We confirmed the long-term increase in serum LH levels after leptin replacement in the present case. Previous reports showed that leptin could stimulate LH secretion not only in rodents but also in humans [17, 18] and leptin replacement rescued infertility of diabetic mice with an increase in serum LH and testosterone levels [19]. Moreover, low serum leptin levels are associated with hypothalamic amenorrhea and leptin replacement could rescue it with an increase in serum LH levels [20]. Therefore, the long-term elevation of serum testosterone levels in the present case might also be due to the effect of leptin replacement on the hypothalamic-pituitary-gonadal (HPG) axis, which leads to an improvement in gonadal function. Unfortunately, we failed to assess whether hypogonadism in our patient was primary or secondary because he did not complain about gonadal function. We speculate that his hypogonadism was secondary because serum LH levels were low at the beginning of metreleptin replacement, and further investigation is necessary to reveal the effectiveness of leptin replacement in hypogonadism associated with lipodystrophy. The effect of leptin on the HPG axis is believed to be mostly via actions on the hypothalamus because the leptin receptor is abundantly expressed in hypothalamic neurons, but direct effects on the anterior pituitary gland or Leydig cells cannot be ruled out [21, 22]. Further investigation is necessary to reveal the detailed relationship between leptin and the HPG axis.

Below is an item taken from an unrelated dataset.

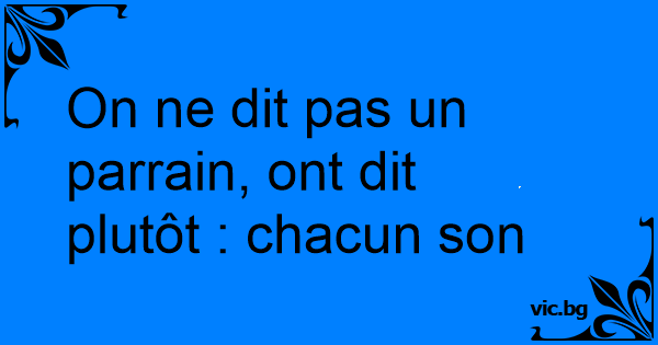 On ne dit pas un parrain, ont dit plutôt : chacun son tour

In conclusion, we herein reported the first Japanese case of GLPS with a de novo heterozygous LMNA p.T10I mutation. In addition, we evaluated short and long-term effectiveness of leptin replacement on generalized lipodystrophy by monitoring changes in serum testosterone levels along with the improvement in metabolic profiles. These findings indicate that testosterone might be involved in the metabolic effects of metreleptin and suggest that testosterone plays an important role in improving metabolic conditions of lipodystrophy patients.

Disclosure

None of the authors have any potential conflicts of interest associated with this case report.

Ethical Approval

We conducted whole exome sequence analysis with the Japanese nationwide medical research program for rare and intractable disease, IRUD (Initiative on Rare and Undiagnosed Diseases). It was done following informed consent of the patient, the approval of institutional review board of Tokyo Medical and Dental University research committee and the 1964 Helsinki declaration and its later amendments or comparable ethical standards.